Let’s sum up what we’ve learned about trends in political participation. On the positive side of the ledger, Americans today score about as well on a civics test as our parents and grandparents did, though our self-congratulation should be restrained, since we have on average four more years of formal schooling than they had.33 Moreover, at election time we are no less likely than they were to talk politics or express interest in the campaign. On the other hand, since the mid-1960s, the weight of the evidence suggests, despite the rapid rise in levels of education Americans have become perhaps 10–15 percent less likely to voice our views publicly by running for office or writing Congress or the local newspaper, 15–20 percent less interested in politics and public affairs, roughly 25 percent less likely to vote, roughly 35 percent less likely to attend public meetings, both partisan and nonpartisan, and roughly 40 percent less engaged in party politics and indeed in political and civic organizations of all sorts.
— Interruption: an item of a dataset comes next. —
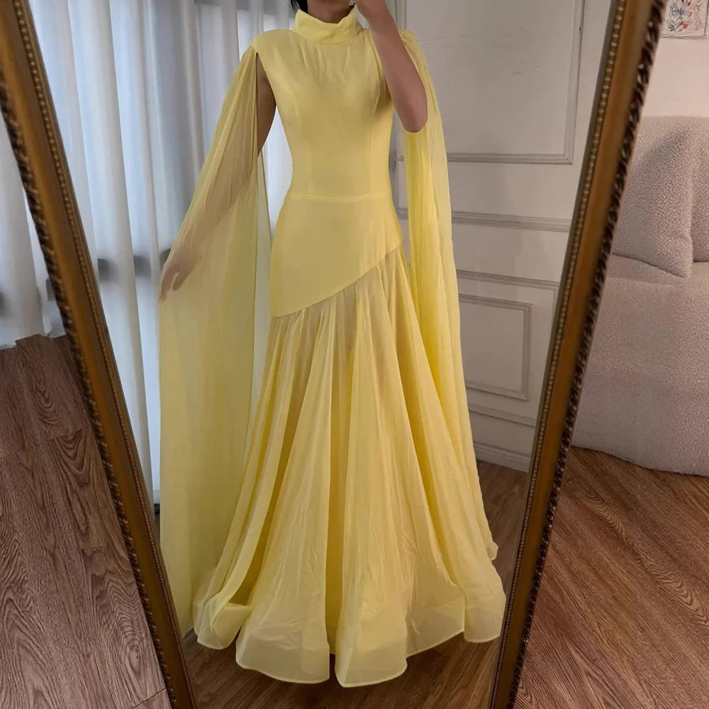 Elegant yellow chiffon A-line evening gown with high neck and flowing cape sleeves. Ideal for formal parties, weddings, or red-carpet events.

We remain, in short, reasonably well-informed spectators of public affairs, but many fewer of us actually partake in the game.
Also of note:
Footnote: "Lori Weber,The Effects of Democratic Deliberation on Political Tolerance (Ph.D. diss., University of Colorado, 1999), 24–42, reports that “social” forms of participation (such as attending meetings) are associated with increased political tolerance, whereas “individual” forms of participation (such as contacting officials) are not."
It's clearer and clearer to me that one of the most serious problems with the United States is that we participate in fewer face-to-face communities.
I choose to make my last stand on the one face-to-face institution that we still have left: the church.
Those who are more secular in nature, I recommend that you spend some serious time discerning a holistic community that incorporates personal formation, mutual aid, friendship, and social in one institution.
Until you have that figured out and arrive back at a model much like on of the many ways people have formed churches, synagogues, temples, or mosques, I recommend joining a faith community.
Increasingly, many faith communities, like Unitarian Universalism, or liberal Quakerism, don't require belief in God, but focus on social justice.